Import the LDIF on the Consumer and start slapd:

        slapadd -n 2 -l /opt/symas/etc/openldap/access.ldif 
        service solserver start

Check logs to verify replication is now completing successfully.

Slow Operation Processing

Symptom: An operation is issued against an OpenLDAP Server, but the process takes a long time to complete.

Error Messages:

    Nov 19 10:23:03 core01 slapd[24753]: warning: accept(9) failed
    errno=24: Too many open files

Possible Causes: This can occur when the number of files opened by the slapd process meet or exceed existing nofile (Maximum number of files that can be opened by a single process) limits. Processor thread availability can also be a cause. Essential the operation must wait for a thread to free up before it can complete.

Diagnosis: Use the following steps to diagnose this issue:

View current file descriptors in use by slapd

        pgrep slapd

This will give you the Process ID for slapd

        ls /proc/<slapd PID>/fd |wc -l

This will give you the number of file descriptors in use. Compare that number to the NOFILE limits

For Non-SystemD operating systems, the limits are set in /etc/security/limits.conf

        less /etc/security/limits.conf |grep nofile

The soft limit is the current limit for users or processes. It can be overridden up to, but not more than, the hard limit. The hard limit is the maximum limit set by root for any/all users or processes.

For SystemD systems use systemctl show to see what limits are applied to the slapd process.
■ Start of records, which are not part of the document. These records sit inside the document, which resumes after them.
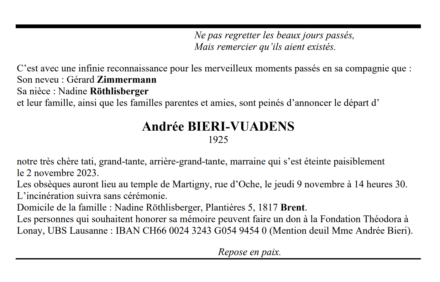 Andrée BIERI-VUADENS 22 oct. 1925 - 02 nov. 2023 Avis mortuaire PFG Télecharger PDF Partager sur: Galerie PreviousNext PreviousNext
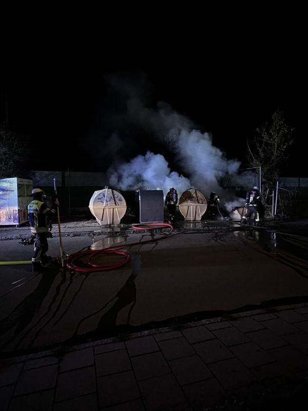 In der Nacht vom 20.11.25. wurde die Freiwillige Feuerwehr Haar um 0.07 Uhr mit dem Einsatzstichwort „B2 – Brand im Freien – Brand Container“ zur Brandbekämpfung gerufen. Bei Eintreffen der Einsatzkräfte bestätigte sich der Alarm: Vier Papiercontainer auf einer Wertstoffinsel, die sich in unmittelbarer Nähe zur S-Bahn-Strecke befindet, standen im Vollbrand. Fünf Atemschutzgeräteträger gingen zur Brandbekämpfung vor und leiteten die Löschmaßnahmen unter Verwendung von zwei C-Rohren ein. Im Anschluss an die Groblöschung wurde die Einsatzstelle mit einer Wärmebildkamera auf Glutnester kontrolliert. Für eine vollständige Löschung und um ein Wiederaufflammen zu verhindern, wurden die Glutbereiche zusätzlich mit einer Löschlanze behandelt und das Brandgut mit einem Gemisch aus Wasser und Netzmittel abgelöscht.
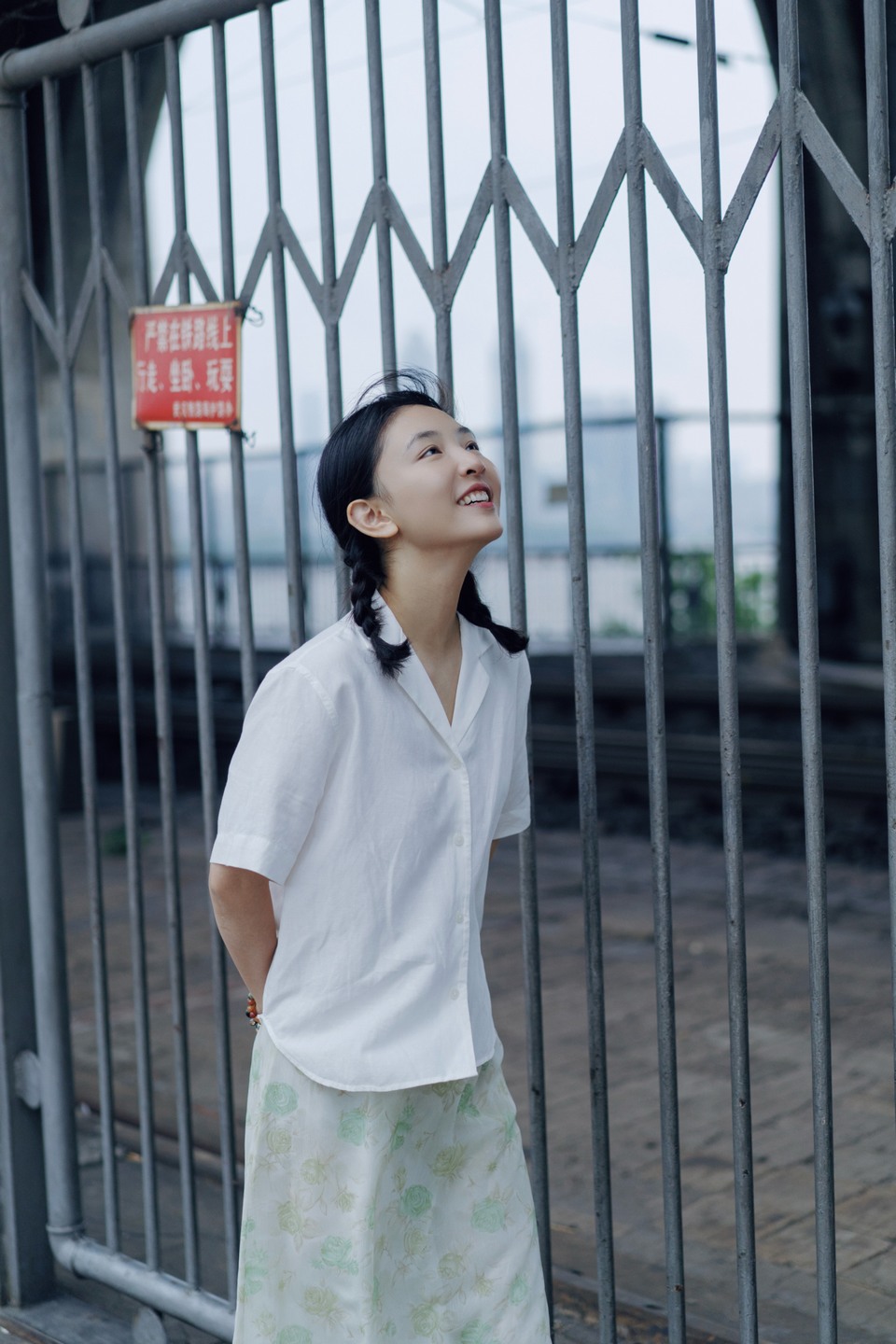 吴倩江波桥影临摹成画 倩影依栏白衫静立

        systemctl show slapd | grep NOFILE

These values are the soft and hard limits of how many files can be open for the slapd process.

If the value of file descriptors for the slapd process is equal to or greater than the maximum NOFILE limit for slapd, the limit needs to be increased.
If the value of file descriptors for the slapd process is significantly less than the NOFILE limits, check for process thread usage. First, examine the number of threads available on the server.

        lscpu |egrep 'Thread|CPU(s):'

Multiple the Threads per core value by the number of CPU(s) for the number of available threads. Remember, the default thread setting for slapd is 16 unless otherwise set. It is possible that value is too high for the threads available.

To reduce the thread count for slapd, modify slapd.conf or slapd.d changing the threads/olcThreads value to a number reflective the servers available thread count. Remember, for slapd.conf a solserver restart is required.
If the threads setting in the slapd configuration is adequate for the server, check how many threads are in use by the slapd process.

        pgrep slapd
        cat /proc/<slapd PID>/status |grep Threads

If the number of threads used by slapd is equal to the threads/olcThreads setting in the slapd configuration, that value may need to be increased to handle the additional workload, or additional CPUs may need to be added to the server, thus making more threads available allowing for a higher threads/olcThreads setting in slapd.conf/slapd.d.
Finally, adding some sort of replication may be needed to distribute the load over multiple servers. Be aware than replication adds network connections which may use up available threads.